Thursday, April 26, 2012

Today I meet with the Artist in Residence Coordinator to talk about my public program at 11am, so I have some time in the morning to continue to work on the painting I started outside yesterday.  Rain is in the forecast, so an all day hike was probably not in the plan anyway, and we need to go into Holbrook soon for supplies, so today will be dedicated to practical matters.

I have a good, though short, meeting with the coordinator, Pat Thompson, who is also Chief of Resource Management and I expect has a pretty tight schedule. I had scoped out all the public points of interest in the park for my charcoal sketching class without finding one that would be practical. She suggests the courtyard at headquarters. While it would be convenient, the large courtyard, designed as part of the Mission 66 upgrade project for the national parks, is blocked from the landscape with buildings on all four sides and is about as stark a place as designed in the 60's. "But what will we draw?" I asked. She was probably thinking it would more like the cultural demonstrations the park offers.

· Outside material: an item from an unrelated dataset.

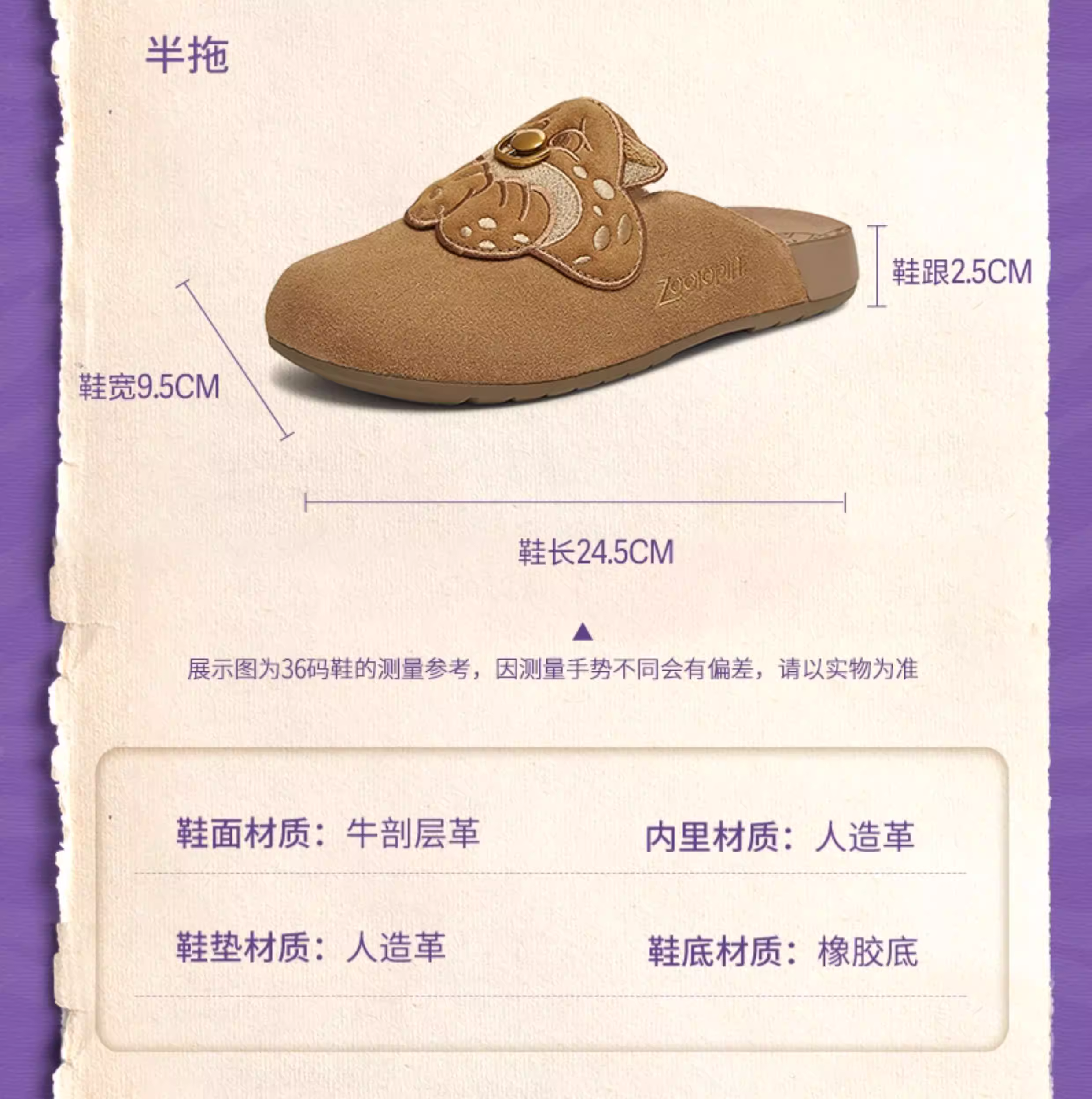 - Giày Birkenstock đế mềm phối hợp Tianmeiyi Zootopia có lót lông mềm mại dành cho nữ Giày nửa dép kín mũi thông thường

I like to get people out into the landscape though, so I suggest the Rainbow Forest Museum at the southern end of the park. Even though I had been too wiped out to explore it when we took our park survey the first day, I figured I'd take a chance there'd be SOMETHING to draw there.

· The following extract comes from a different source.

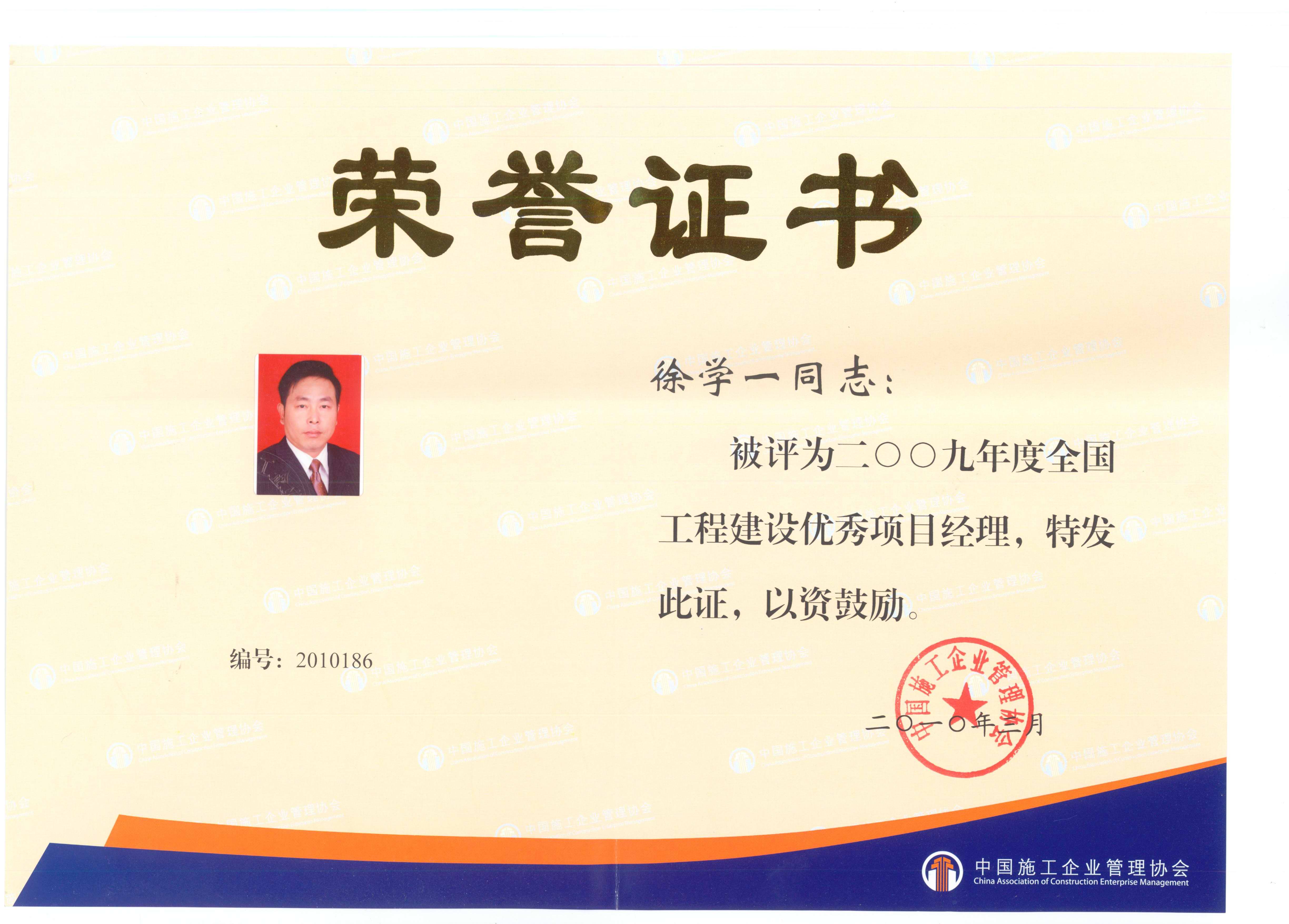2009年度全國工程建設優(yōu)秀項目經(jīng)理(徐學一)

The class is scheduled for my last day, which meant I was free till then. Every residency is different and I realized that this was going to be a very independent one, which was fine by me, two weeks of unscheduled time to explore and work is luxury. 

After I get back we decided to take the southern route to Holbrook which would take us out the Rainbow Forest gate and give me a chance to check it out. But by the time we drove the 25 miles though the park the weather was getting chilly and the wind was picking up. We walked just enough of the Giant Logs trail, a hilly paved loop past big petrified logs, to figure it would be a good place for class. It was right next to the museum building, had places to perch or we could use chairs from the Museum, and if the weather made working outside difficult, students could actually sit in the museum and see the landscape out the big picture windows.

I talked to Dave in the museum about the class and he was enthused and helpful. With that taken care of, we headed back to the car just as the rain started.  The cold windy rain lasted through our grocery shopping, and a stop at the hardware store for a putty knife to substitute for the palette knife I had forgotten to bring. But by the time we arrived back at the park, the skies were clearing. We were very happy with our timing!

I walked across the street to Kachina Point to watch as slivers of sun traveled over the desert badlands, until it was the shadows which were the slivers in the brilliantly lit landscape.

After all that, we did manage to get a hike in. At Chinde Point lookout John walked out onto the spine of a one of the mounds below.

 From which he saw a strange monolith rising from the flat desert.

Of course we had to go see it, steep as the climb down was. A bonus were these strangely bonelike rocks, set out as if a huge dinosaur had expired on the spot.